“I do not eat cats and dogs,” I told my class after the presidential debate last September. A couple of students giggled. The rest of them remained silent. They knew I wasn’t joking. While I wasn’t born in Haiti, I can identify with other American immigrants who face hateful rhetoric and harassment, day after day. This happens especially when we have a noticeable accent or do not speak English fluently. We are oftentimes tempted to trade off certain parts of our identity to thrive. We even anglicize our names.

I still remember how, when I checked in for a mission conference, the registration staff mistakenly assumed I was male, based solely on my name. For lodging, they had even assigned me to a room with other male participants. As they worked to reassign me to another room, there was no explanation or apology. The staff’s puzzled, jawdropped expressions made clear their surprise at discovering I was a woman.

Born and raised in Hong Kong, I benefited from policies that prioritize the majority population. Oftentimes, however, these policies result in discriminatory outcomes for minority groups such as immigrants and migrant workers. These communities of people are the backbone of Hong Kong’s economy, yet their basic rights remain unprotected.

I joined the faculty of Wartburg Theological Seminary in 2020. This call came in the middle of massive suffering where millions of people lost their jobs, and many were grieving the loss of loved ones due to the COVID-19 pandemic. Coinciding with these tragic events was a dramatic rise in anti-Asian hate incidents across the country.

I am called to work with seminary students and faculty so that together, we can help humanity to embrace the vision of God’s beloved community through life-giving relationships with one another. As we pray the Lord’s Prayer and ask God to “Give us this day…,” as we enjoy this day as a gift from God, let us also remember immigrants who are fighting for their survival and dignity. Let us resist political words that would render them an It, and instead see Christ, who tells us to welcome the stranger (Matthew 25:31-46).
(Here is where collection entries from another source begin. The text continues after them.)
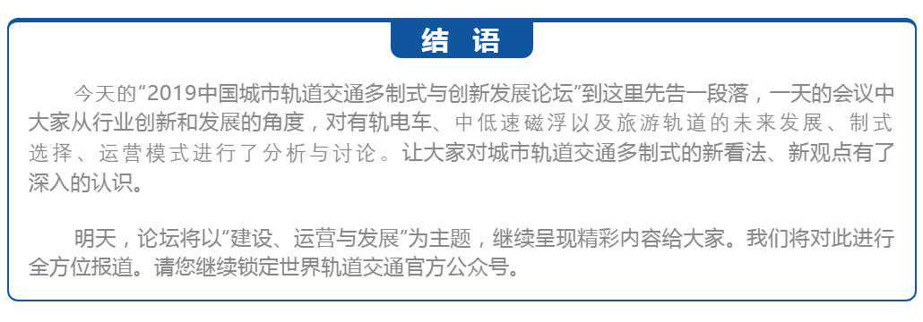 由世界轨道交通发展研究会主办的中国城市轨道交通多制式与创新发展论坛已经是第二届了,我们认为论坛积极的促进了行业关于多制式发展的思考和相关问题的研究,有效推动中国城市轨道交通多制式的进一步发展。希望论坛在大家的共同努力下每年都能按时召开,也希望老议题要有新内容,我们大家充分利用好研究会这个沟通交流的平台,共同为多制式的协调发展献计献策。
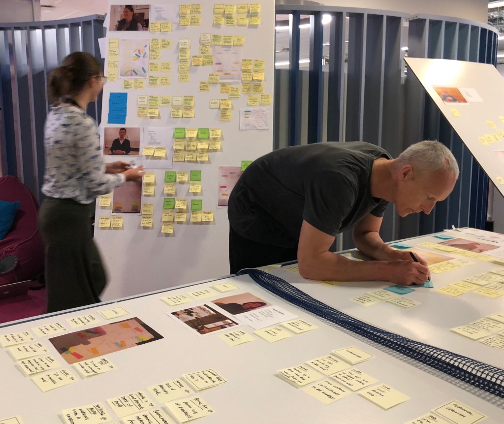 One of the first tasks was for the research team to collate the findings from each of our interviews onto boards ready for synthesis.
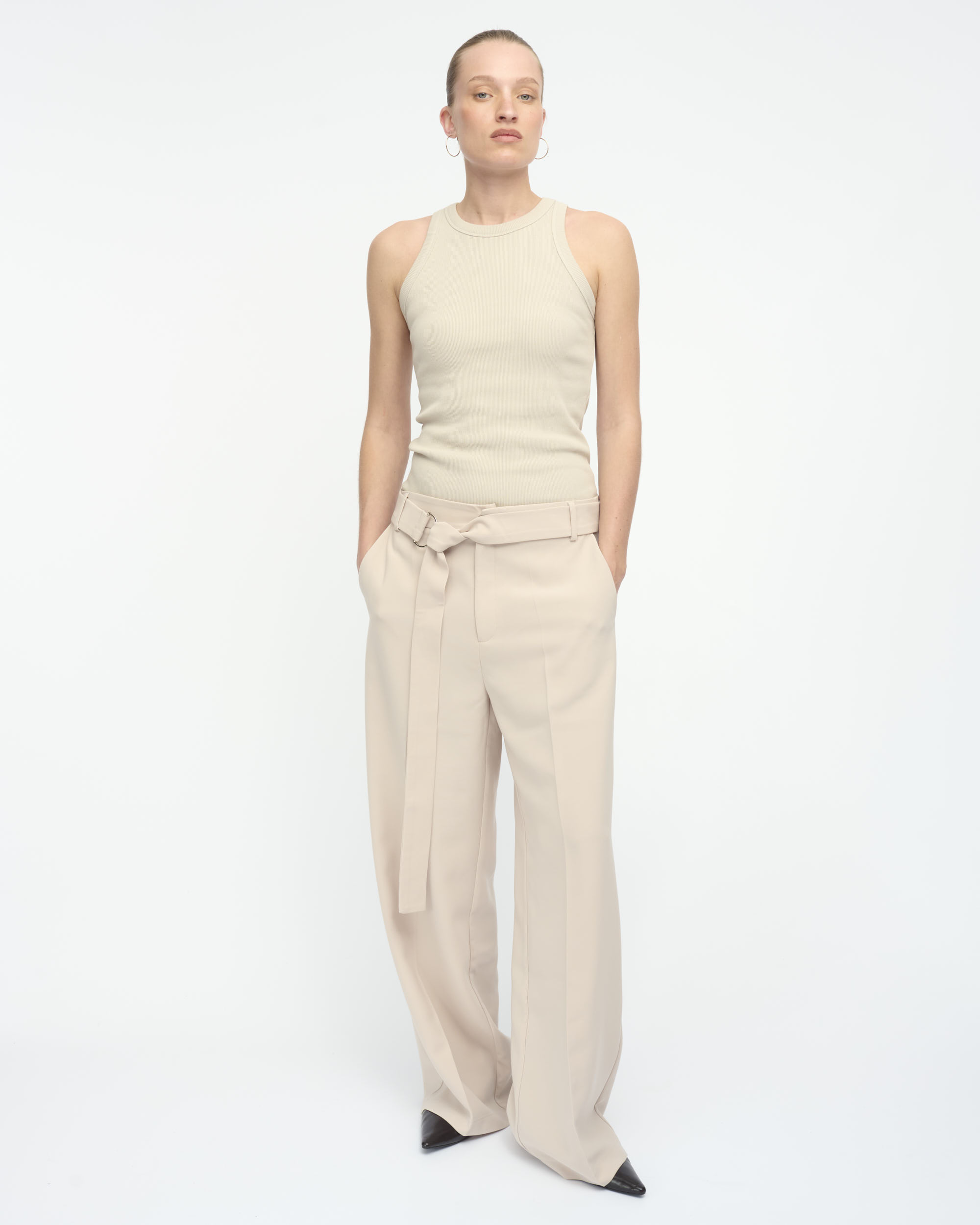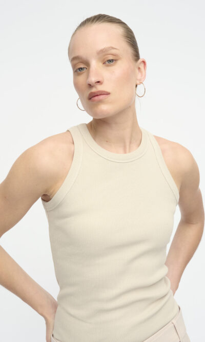 גופיה מסריג ריב. צללית צמודה, מחשוף עגול.
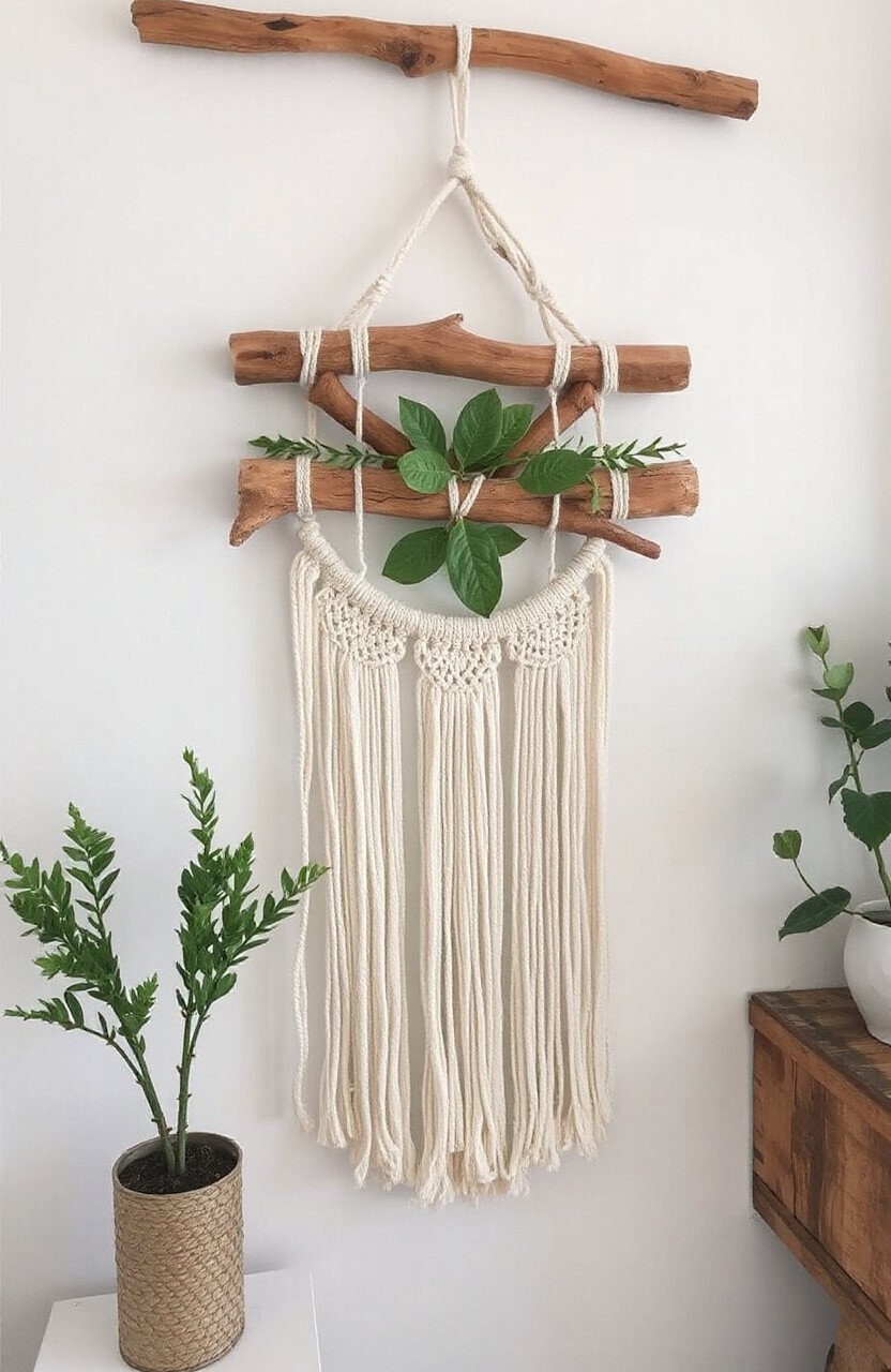 Combine the natural beauty of driftwood with macrame for a truly rustic piece. The wood adds a unique, earthy element that pairs beautifully with the softness of the macrame.

We are called to take seriously our vocation of caring for our neighbors, affirming that they are just as human as we are. This call further inspires us to cultivate new ways of seeing. There is no them. There is only us. All of us. Walls built to separate us from them do not hold; we are united in our shared identity as beloved children of God.

Just as we ask God to “give us this day our daily bread,” we also receive blessed assurance that God embraces, and calls us to also embrace, the excluded and rejected as one in Christ Jesus.

Man-Hei Yip is assistant professor of Systematic Theology at Wartburg Theological Seminary in Dubuque, Iowa. Using a postcolonial perspective, she has written extensively about issues of religion, language, immigration and diaspora.